Diagnosis and treatment of cancers remain the most formidable challenges in health care innovation. A critical bottleneck in this context is data integration and sense-making. The recent rise of artificial intelligence, machine learning, and other high-throughput data analysis algorithms offers new prospects. In this context, the support vector machine (SVM) is a supervised machine learning algorithm for classifying data sets (Schölkopf et al., 2013). SVM has been reported to display higher performance compared with the other traditional supervised classifiers such as decision tree (Rokach and Maimon, 2005) and supervised artificial neural network (Zhang, 2016). SVM classifies high-dimensional big data into small numbers of data points (support vectors), thus achieving differentiation of subgroups in a short amount of time.

Considering the rapid timelines required for both diagnosis and treatment of most aggressive cancers, this new machine learning technique has important clinical and public applications and implications for high-throughput data analysis and contextualization.

This expert review describes and examines, first, the SVM models employed to forecast breast cancer subtypes (BCSs) using diverse systems science data, including transcriptomics, epigenetics, proteomics, and radiomics, as well as biological pathway, clinical, pathological, and biochemical data. Then, we compare the performance of the present SVM and other diagnostic and therapeutic prediction models across the data types.

Support Vector Machines

Relevance to personalized medicine and cancer research

In the SVM algorithm, a decision boundary, forming two sides of different classes, is drawn to separate the data points. This imaginary boundary is called hyperplane. During classification, data points belonging to these different sides of the hyperplane are optimized in a way to provide the highest distance margin between two sides of data. The data points at the acceptable proximity to the boundary are called support vectors. They are used for the coordinate optimization of the decision boundary.
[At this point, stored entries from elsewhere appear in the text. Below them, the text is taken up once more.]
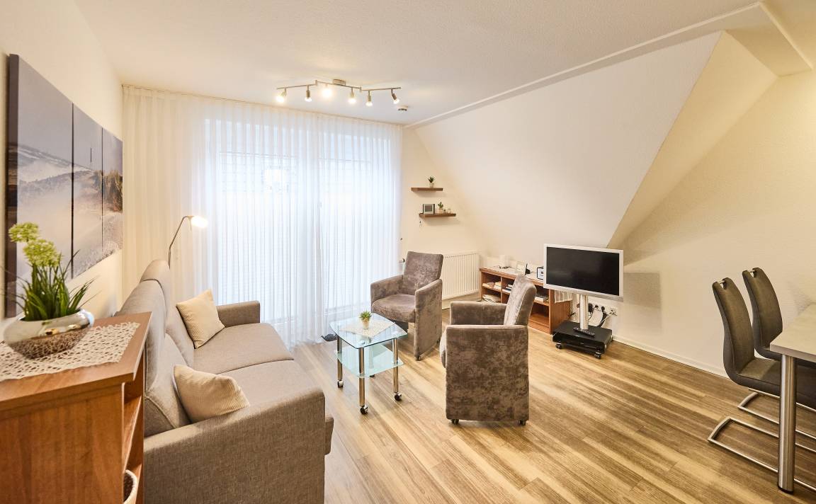 Herzlich willkommen in dieser sehr gemütlichen 3-Raum Maisonette Ferienwohnung über 2 Etagen, die Ihre Erwartungen übertreffen wird. Die sehr gute Ausstattung präsentiert sich mit einem ansprechenden Wohn- und Essbereich, einer vollständig eingerichteten Küchenzeile inklusive hochwertiger Siemens-Einbaugeräte und direktem Zugang zum großzügigen Südwest-Balkon. Dieser ist mit erstklassigen Kettler Balkonmöbeln ausgestattet, und als Sonnenschutz erwartet Sie eine elektrische Sonnenschutzmarkise. Der Balkon ist auch vom Schlafzimmer aus zugänglich, welches mit einem Doppelbett und einem großzügigen Kleiderschrank eingerichtet ist.
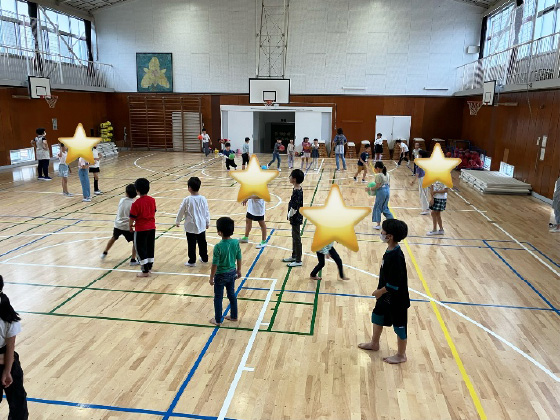 (中)体育館ではドッジボールやバスケットボールなど思いっきり体を動かします。
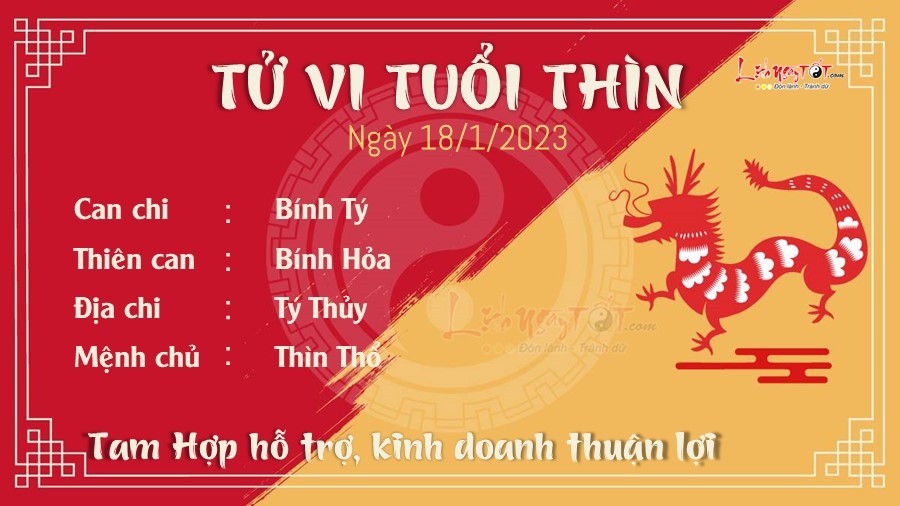 Tam Hợp nâng đỡ hỗ trợ cho con đường làm ăn của Thìn hôm nay. Là con giáp phản ứng nhanh, thông minh nên rất thuận lợi, người buôn bán kinh doanh chiếm được ưu thế lớn hơn so với người làm công ăn lương. Người theo đuổi con đường học vấn, thi cử sẽ cảm thấy mọi thứ vô cùng suôn sẻ như ý. Đường tiền bạc may mắn có Thực Thần nên Thìn lộc lá vô cùng. Đáng lẽ ra hôm nay bạn mất kha khá tiền nhưng nhờ cát tinh che chở nên không bị mất mát nhiều. Nhiều người có thời gian làm thêm việc phụ kiếm tiền tiêu vặt dịp Tết này, hôm nay cũng là ngày đẹp để bạn đi đổi tiền. Cục diện Thổ khắc Thủy kéo tình cảm của tuổi này đi xuống. Các bạn trẻ nếu chưa sẵn sàng thì tốt nhất là đừng vội vàng kết hôn. Con người sẽ chẳng ai mãi mãi như thuở ban đầu, nếu hôm nay có phát hiện ra ai thay lòng thì cũng đừng vội sốc vì đó là lẽ tự nhiên.
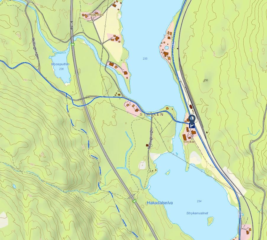Hvor du skal gå fra Stryken avhenger jo om du vil gå på vei eller over på sti. Her er kart fra Skiforeningen.no og deres turplanlegger (appen Imarka er også ok, der kan du velge mellom løyper i rødt og sykkelruter i blått, men stier er tegnet inn som stiplet svart i begge versjoner). Uansett, så anbefaler jeg sterkt et turkart på papir! F.eks Nordmarka 1:50.000.
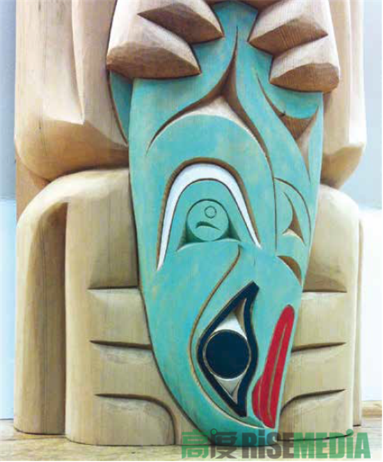在所有的动物中,又以熊鱼搭配或者雄鹰展翅为最多,同时这样的作品也是旅游观光者的首选。因为熊代表勇气和力量,在原住民的眼里,这样的熊被称为“成年男士”的象征,多有夸赞之意。而三文鱼是沿岸原住民最主要的粮食,有三文鱼的地方就意味着丰收和富足,然后温饱思淫欲,进一步促进沿岸各种精神文明的高速发展。所谓的熊鱼搭配作品指的多是一头健硕的熊以站立的方式,一手抓住鱼或者卧立着嘴中衔着鱼。这样的造型都是来生活中真实场景的还原,像先前写到的那样,三文鱼在回流过程中需要经历阶梯式的跳跃,而跳跃中会被正在捕猎的熊发现,一把捉住,变为腹中餐。原住民们无数次看到这样的场景,便把它记录在自己的艺术中。
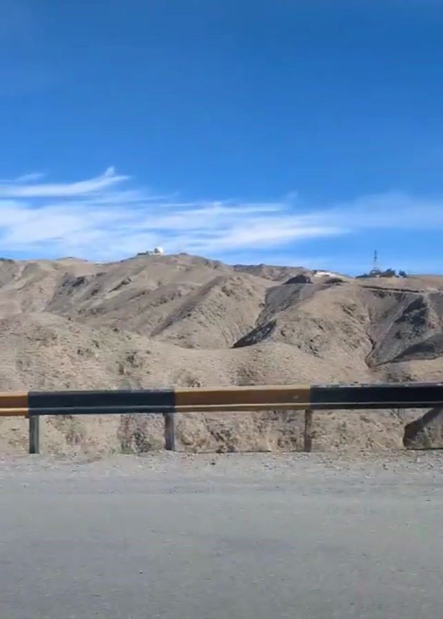 view from a car driving along a road. On the right, there is a metal guardrail, colored black and yellow, separating the road from a mountainous landscape. The mountains are arid and barren, with a light brown color. The sky above is a clear blue, with scattered wispy white clouds. The road is asphalt.
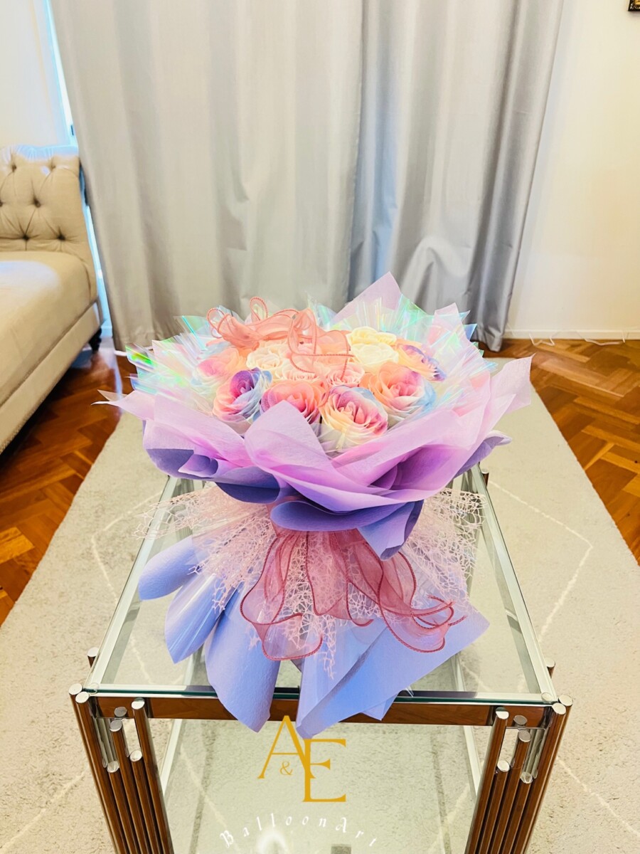 • A cute pastel bouquet with purple-pink wrapping – gentle, dreamy, and very “Valentines”.

This technique is important for its application in classification and selection of informative features, such as genes, proteins, and pathways. Yet, the classification of big data is still computationally expensive. Thus, in various applications, a hybrid methodology of the SVM, including a data filtration component, is observed. Besides, high dimensionality (multiple parameters) in applied data sets has no negative effect over SVM. Therefore, groups having small sample sets and a high number of dimensions can be properly classified (Gao et al., 2017).
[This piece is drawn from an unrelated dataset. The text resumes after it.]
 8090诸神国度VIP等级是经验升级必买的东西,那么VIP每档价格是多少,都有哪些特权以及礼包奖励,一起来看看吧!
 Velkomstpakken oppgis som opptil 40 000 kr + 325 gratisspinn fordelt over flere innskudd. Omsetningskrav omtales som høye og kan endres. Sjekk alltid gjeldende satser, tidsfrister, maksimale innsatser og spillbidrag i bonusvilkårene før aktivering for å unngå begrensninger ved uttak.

Breast cancer is the most frequent malignant disease among women worldwide and is also the leading cause of cancer mortality after lung cancer (Bray et al., 2018). Several clinical and pathological features such as tumor size and grade, lymphovascular invasion of tumor cells, and axillary lymph node (ALN) status are reported as important factors in the determination of breast cancer besides the presence of estrogen receptor (ER), progesterone receptor (PR), and human epidermal growth factor receptor-2 (HER2) on the surface of the tumor cell and the expression level of Ki-67 (Coates et al., 2015; Yamanouchi et al., 2019). Breast cancer is also known for having heterogeneity under both spatial and temporal dimensions, causing problems during the dissection process (Agner et al., 2014; De Ronde et al., 2014; Hsu et al., 2012; Tyanova et al., 2016; Vidić et al., 2018; Yersal and Barutca, 2014).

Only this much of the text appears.